WHAT YOU HAVE TO DO: What is wanted is the full listing, word for word, without its pictures.

INFORMATION SHOWN:
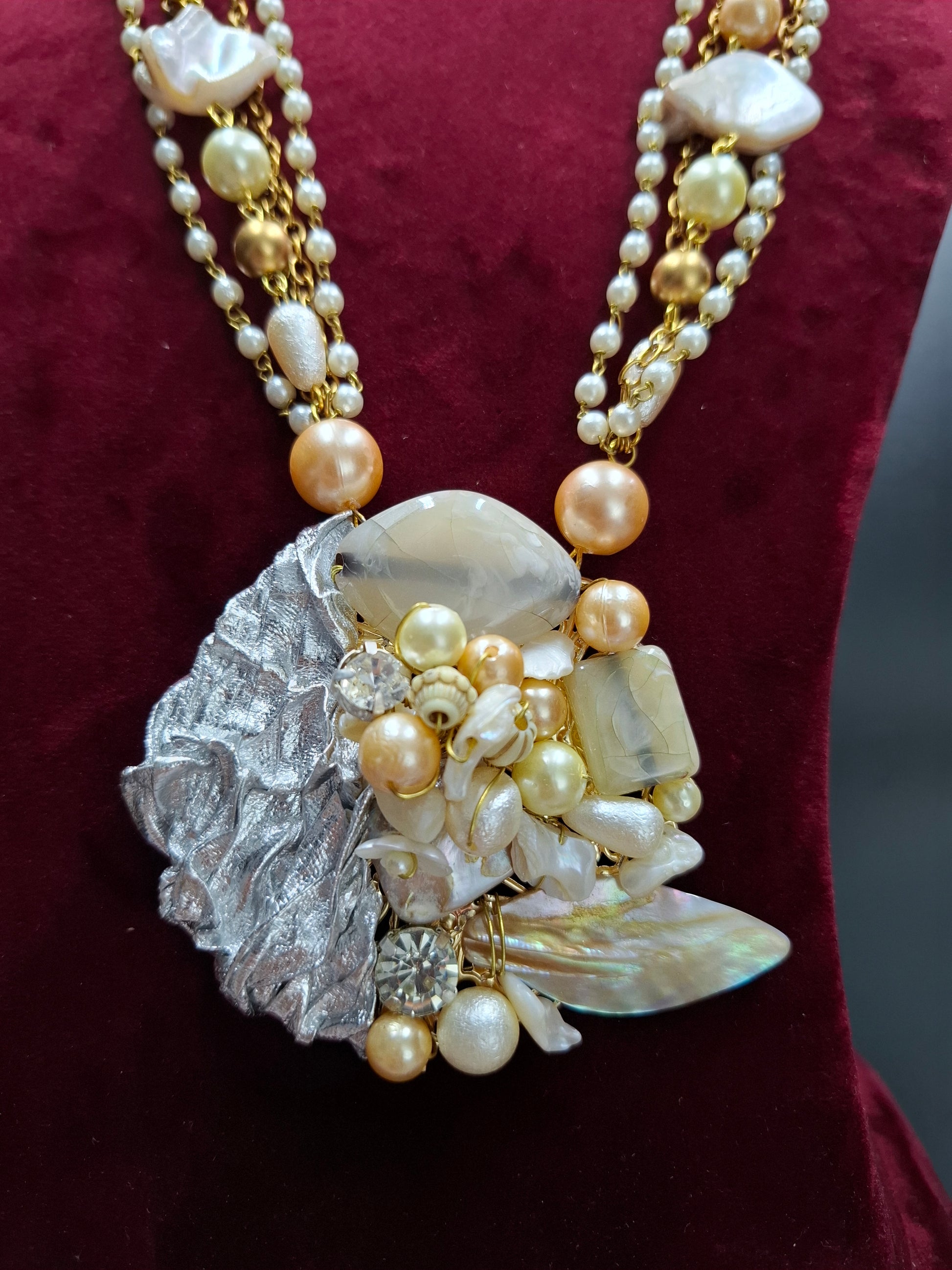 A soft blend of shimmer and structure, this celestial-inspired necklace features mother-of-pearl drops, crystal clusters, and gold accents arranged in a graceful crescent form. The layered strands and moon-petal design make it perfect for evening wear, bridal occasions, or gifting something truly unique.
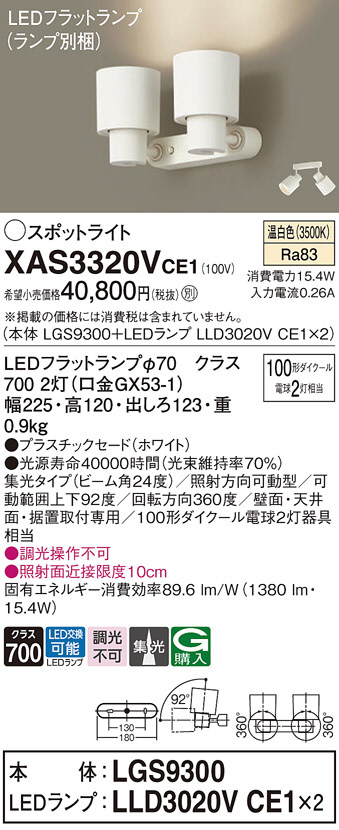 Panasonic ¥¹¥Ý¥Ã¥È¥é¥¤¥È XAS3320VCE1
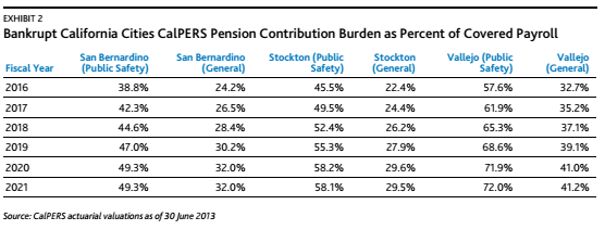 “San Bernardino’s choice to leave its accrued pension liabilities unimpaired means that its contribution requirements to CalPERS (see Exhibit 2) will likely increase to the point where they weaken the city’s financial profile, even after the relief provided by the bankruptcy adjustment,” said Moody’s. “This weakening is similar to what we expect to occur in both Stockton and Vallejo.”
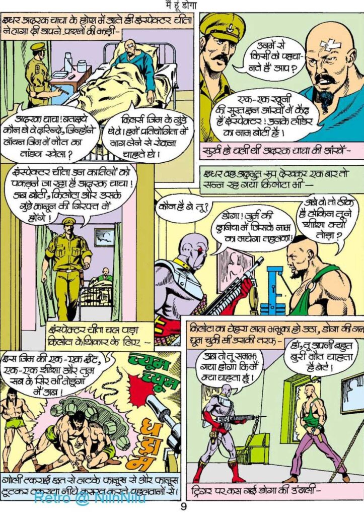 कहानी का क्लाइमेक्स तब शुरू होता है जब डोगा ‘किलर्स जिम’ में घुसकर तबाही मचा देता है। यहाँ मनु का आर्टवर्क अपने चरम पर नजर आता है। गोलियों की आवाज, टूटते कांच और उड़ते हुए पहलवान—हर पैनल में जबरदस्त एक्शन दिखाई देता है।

TASK RESPONSE:
 A soft blend of shimmer and structure, this celestial-inspired necklace features mother-of-pearl drops, crystal clusters, and gold accents arranged in a graceful crescent form. The layered strands and moon-petal design make it perfect for evening wear, bridal occasions, or gifting something truly unique.
 Panasonic ¥¹¥Ý¥Ã¥È¥é¥¤¥È XAS3320VCE1
 “San Bernardino’s choice to leave its accrued pension liabilities unimpaired means that its contribution requirements to CalPERS (see Exhibit 2) will likely increase to the point where they weaken the city’s financial profile, even after the relief provided by the bankruptcy adjustment,” said Moody’s. “This weakening is similar to what we expect to occur in both Stockton and Vallejo.”
 कहानी का क्लाइमेक्स तब शुरू होता है जब डोगा ‘किलर्स जिम’ में घुसकर तबाही मचा देता है। यहाँ मनु का आर्टवर्क अपने चरम पर नजर आता है। गोलियों की आवाज, टूटते कांच और उड़ते हुए पहलवान—हर पैनल में जबरदस्त एक्शन दिखाई देता है।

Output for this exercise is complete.